#  > 【月之花海】獸迷、毛毛、Furry討論區 >  > 幻想森林 >  > [遊戲] 【即時戰略】黑與白係列

## wingwolf

*《黑與白》*

資料來源： http://www.freegames.com.cn/eMule/iso/423.html

經過了長達三年的開發，Lionhead工作室的第一款具有絕對高期待值的遊戲終於成功上市了。它是一款有著大量新概念－上帝和奇迹－的大作，而且遊戲給人的感覺也相當的精彩。《黑與白》所涉及到的範圍相當的廣泛，遠遠超過一般典型遊戲設計的範疇。它的最終産品也可以說是相當的完美無暇和具可玩性。盡管如此，遊戲中還有許多不同的元素需要大量的解釋－遊戲中很多元素都是按照主流設計的，但是它的複雜的結構很容易使大部分的新玩家感到困惑。《黑與白》花了設計師Peter Molyneux和其他開發成員的大量心血。雖然遊戲需要你花一段時間熟悉，甚至會讓你受到一定的挫折，但是看到《黑與白》如此精彩的表現，即使存在著一些缺點你也不應該放棄這款難以置信的遊戲。

因爲《黑與白》看上去是如此與衆不同，對如何正確操作這個遊戲感到好奇是一件很自然的事情。從遊戲的各個方面看來很難把它歸入現有的任何一種類型中去，然而，它還是有相似的例子的，《黑與白》作爲一個策略遊戲不僅讓人聯想到Peter Molyneux在牛蛙工作時所制作的幾部遊戲。你在遊戲中扮演的是上帝，整個遊戲中代表你的是一只無實體的手，你的目的就是增加大地上村民對你的崇拜。你不僅可以完全控制遊戲的3D透視視角，而且可以完全控制這個虛擬世界中的每件事情。你可以親自督促使村民的工作更具效率。當你擁有了更多的追隨者，你所能影響的範圍將遍布整個大地，最後影響到其他偏遠的村莊，使他們皈依於你所創造的信仰。在遊戲中村民們對你的信仰是量化的，你擁有越多信仰你的村民，你能控制越廣闊的領土，同時你還擁有更多創造奇迹的能力，而所謂的奇迹本質上類似於以往所說的魔法。

你通過制造各種神迹來激發村民們對你的崇拜。
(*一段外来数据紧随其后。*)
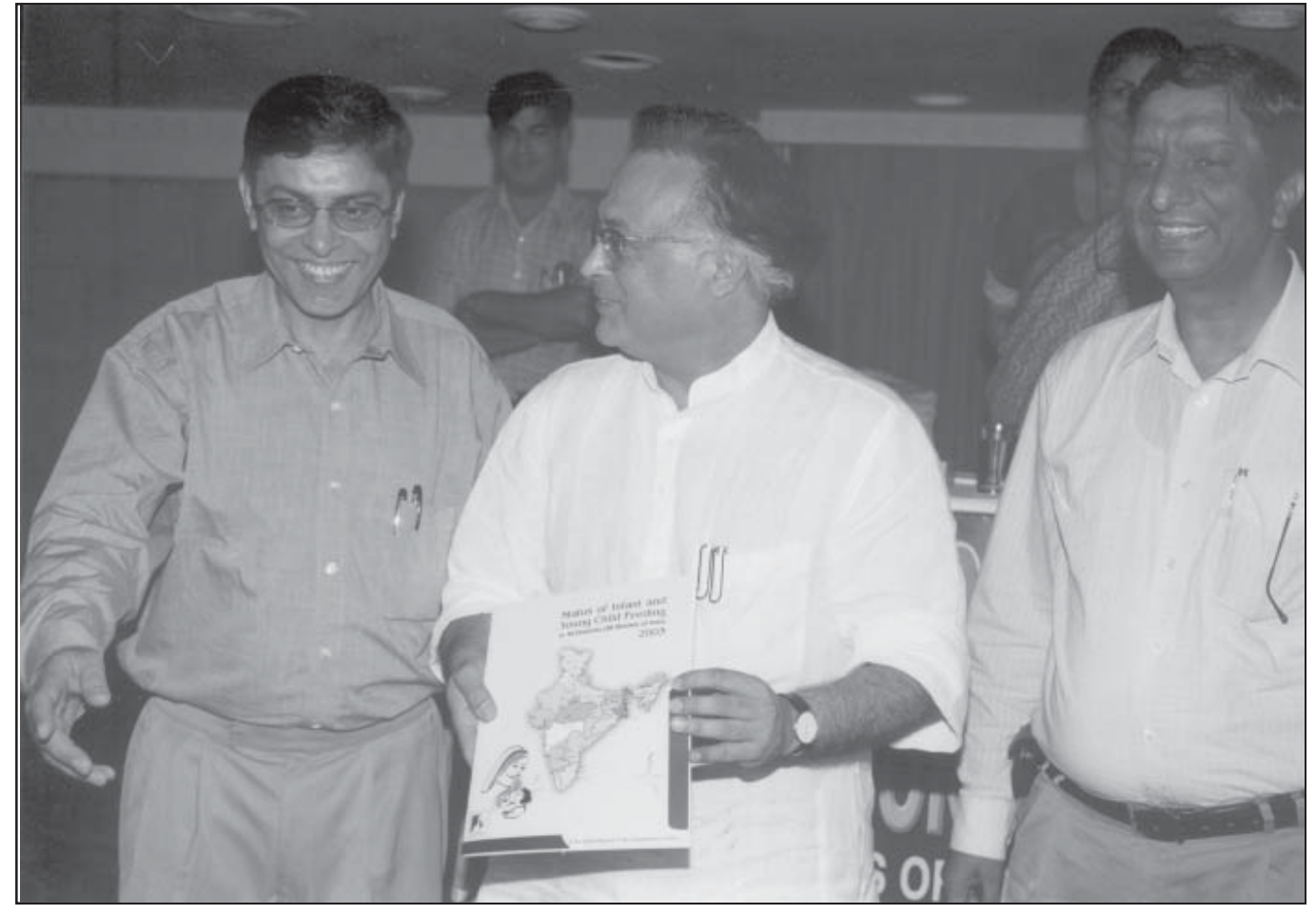
Release of a National Report on "Status of Infant and Young Child Feeding in 49 Districts (98 Blocks) of India 2003."

Programs, UNICEF India, WHO, various NGOs and professional bodies participated in the report release function.
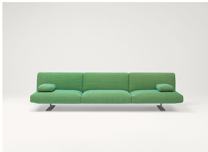
B93FB + n°2 B93S
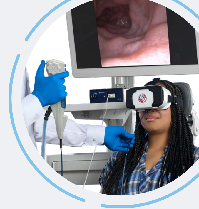
Model LE 110 110 cm
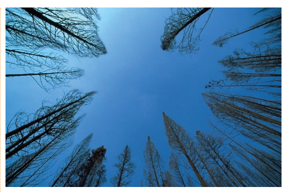
Curbing global warming will require financial commitment and political will.

We are a long way from that. Total climate-related financial flows in 2013 came to USD 331 billion, down from USD 359 billion in 2012. This amount includes all transactions, from every country and of every kind, including both public and private-sector funds. The latter account for some 58% of the total. A diagram of these financial flows would look like a map of the switches at a rather large railway station. The research centre that publishes these figures, the Climate Policy Initiative, is quick to point out that they do not tell the whole story. The decrease is due mainly to the fall in the cost of renewable energy, especially of solar systems. Moreover, the experts note, in addition to activities that exclusively target the climate there are others with beneficial collateral effects that are difficult to quantify. To further muddy the waters, some of these investments over- DANIEL BIRCHMEIER lap, making them difficult to track.

這是遊戲中相當有趣的一部分，因爲它沒有任何限制，你可以隨意的發揮你的創造力。如果你想讓一個村子皈依於你，最有效的方法就是時刻幫助那些村民。你可以在村民的儲存室中放入食物和木頭；你可以用雨來澆灌他們的莊稼；你也可以制造一些不可思議的景象來讓他們留下深刻的印象，例如大量的鴿群；你可以使用魔法屏障來保護他們；你甚至可以從皈依你的村莊中派遣一個友好的傳教士到指定的村莊中去。如果你持續不斷的重複這些行爲，它們對村莊所能産生的效果將會越來越小。這就需要使你不斷的嘗試不同的做法，當然，不可能每件事你都能完成的盡善盡美。另一個獲得皈依較快的方法就是降臨神的災難，例如在村子上空制造火球和閃電風暴，一旦他們的村莊著火，他們很快會相信你的存在。你還可以綁架村民帶到你的村子中去，或者把那些不信上帝的村民擲向天空，這些都會影響他們身邊的人。你還可以降下大塊的石頭雜碎他們的房屋。邪惡的方法能更快的達到目的——但是一旦村民皈依你後，你所能得到的大概只是一個廢墟了，所以選擇適合的和平的手段來擴張領土是相當重要的。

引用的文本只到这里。